Barangkali hal itu dilakukan karena kelompok ismailiyah selama ini senantiasa
berjuang dibawah tanah melawan dinasti abbasiyah, yang dilakukan dari syiria.
Selama abad delapan dan sembilan yang telah lalu, aliran islam ismailiyah
lambat laun mendapat dukungan dari berbagai kelompok dari hampir seluruh dunia
Islam. Sampai akhinya terbentuklah jaringan propaganda yang rapi dari aliran
Ismailiyah itu dan membangun sistem keyakinan isoterik, yang diambil dari
ajaran nabi lewat Ali dan pengikutnya.[1](Islamologi sejarah, ajaran dan
peranannya dalam peradaban umat manusia, Prof. Dr. Abu Su’ud)
Dinasti Fatimiyah
beraliran Syiah Ismailiyah dan didirikan oleh Sa’id bin Husain al Salamiyah
bergelar Ubaidillah al Mahdi. Ubaidillah al Mahdi berpindah dari Suria ke
Afrika Utara karena propaganda Syiah di daerah ini mendapatan sambutan baik,
terutama dari suku Barber ketama. Dengan dukungan suku ini, Ubaidillah al Mahdi
menumbangkan gubernur Aglabiyah di Afrika, Rustamiyah Kharaji di Tahart dan
Idrisiyah Fez dijadikan sebagai bawahan.
Sejak semula bani
Fatimiyah telah menyatakan bahwa mereka adalah penguasa-penguasa yang berhak
atas seluruh dunia Islam, dan perpindahan mereka ke Mesir dan Suriah dalam
tahun 969 adalah langkah ke arah realisasi tujuan itu. Selain dari usaha
kemiliteran mereka juga melakukan kampanye propaganda yang padat di seluruh
propinsi-propinsi Asia. Ini dilaksanakan oleh sejumlah besar pendakwah, da’i.

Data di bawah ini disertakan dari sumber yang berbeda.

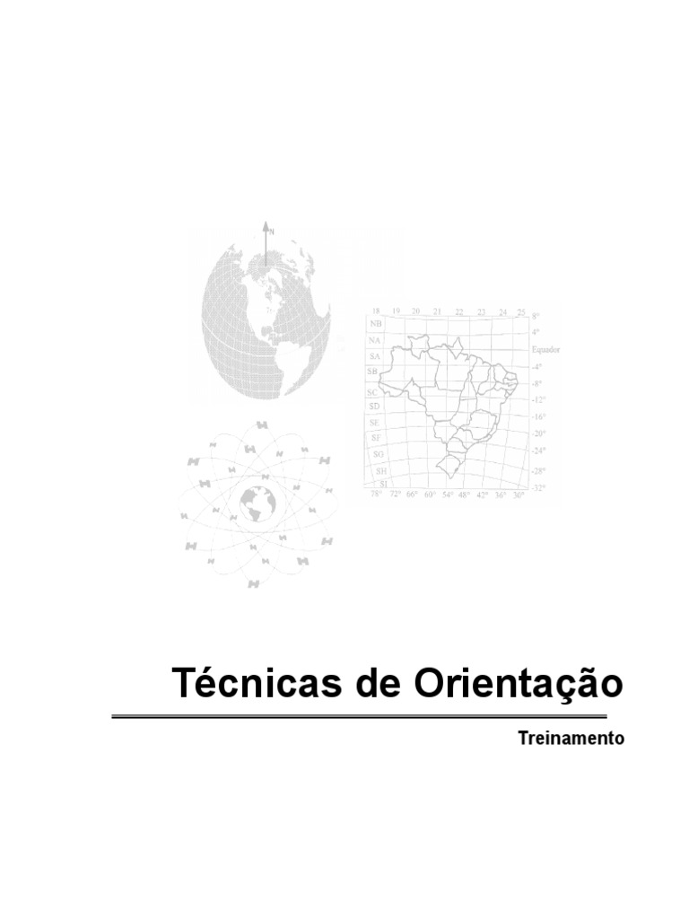 1 - CONCEITOS BSICOS............................................................................................................................... 1 1.1 Norte Magntico e Geogrfico................................................................................................................... 1 a) Direo Norte Magntico............................................................................................................................ 1 b) Direo Norte Geogrfico ou Verdadeiro................................................................................................... 1 1.2 - Azimute ...................................................................................................................................................... 2 1.3 Rumo.......................................................................................................................................................... 3 1.4 - Converso entre Rumo e Azimute.............................................................................................................. 4 1.5 - Exemplo de aplicao de Rumo e Azimute ................................................................................................ 5 1.6 Declinao Magntica................................................................................................................................ 8 a) Conceitos ................................................................................................................................................... 8 b) Clculo da Declinao Magntica .............................................................................................................. 9 c) Transformao de Norte Magntico em Geogrfico e vice-versa............................................................. 14 1.7 Bssolas .................................................................................................................................................... 15 1.7.1- Inverso dos Pontos E e W da bssola ....................................................................................... 15 1.7.2 Utilizao ......................................................................................................................................... 16 1.7.3 - Cuidados ........................................................................................................................................... 17 1.8 Mtodos de Determinao do Norte Verdadeiro ..................................................................................... 17 2 - INTRODUO AO SISTEMA GPS.......................................................................................................... 19 2.1 - Sistemas de Coordenadas ......................................................................................................................... 19 2.2 - Coordenadas Geogrficas. ........................................................................................................................ 20 2.3 - Coordenadas Geodsicas .......................................................................................................................... 21 2.4 - Sistema Geodsico Brasileiro ................................................................................................................... 22 2.5 - Sistema GPS ............................................................................................................................................. 23 2.5.1 - Segmento Espacial............................................................................................................................. 24 2.5.2 -Segmento de controle ......................................................................................................................... 26 2.5.3 - Segmento de Usurios ....................................................................................................................... 26 2.5.4- Princpio bsico do Posicionamento por GPS .................................................................................... 27 2.5.5 - Tipos de Observao ......................................................................................................................... 28 2.5.6 - Posicionamento.................................................................................................................................. 29 2.5.6.1 Posicionamento Absoluto .......................................................................................................... 29 2.5.6.2 Posicionamento Relativo............................................................................................................ 30 2.5.6.3 - Tcnicas de observao Posicionamento relativo.................................................................... 30 2.5.7 - As coordenadas GPS ......................................................................................................................... 34 2.5.8 - Receptores GPS ................................................................................................................................. 34 2.5.9 - Exemplos de Aplicaes GPS ........................................................................................................... 36 2.5.10 Consideraes sobre o uso de receptores GPS no modo absoluto. ................................................. 37 3 - INTRODUO AO USO DE MAPAS ...................................................................................................... 38 3.1 - Sistema UTM ........................................................................................................................................... 43 3.1.1 - Convergncia de Meridianos ............................................................................................................. 48 3.2 Exerccios de Cartografia......................................................................................................................... 50

Propagandanya tidak hanya merupakan suatu pemolesan kembali argumen-argumen
lama guna konsumsi rakyat, walau kadang-kadang memang benar demikian. Para da’i
ini beroperasi dalam berbagai tingkat yang tinggi Ismailisme dikemukakan oleh
Bani Fatimiyah sebagai monoteisme yang
dinyatakan dalam krangka-krangka filsafat Yunani. Usaha yang serupa pernah
dilakukan dalam sebuah karya yang
dihasilkan di Basrah dibawah inspirasi Ismailiyah (bukan Fatimiyah), barangkali
dalam paroh kedua abad ke10, yang dikenal sebagai Risalat al-ikhwan as-Safa
(risalah ikhwan suci); ini adalah ensiklopedia mengenai sains-sains Yunani yang
dikerjakan dengan agak serampangan, yang tujuan utamanya adalah untuk
memperlihatkan bagaimana cara memperoleh kebahagiaan di dunia yang akan datang.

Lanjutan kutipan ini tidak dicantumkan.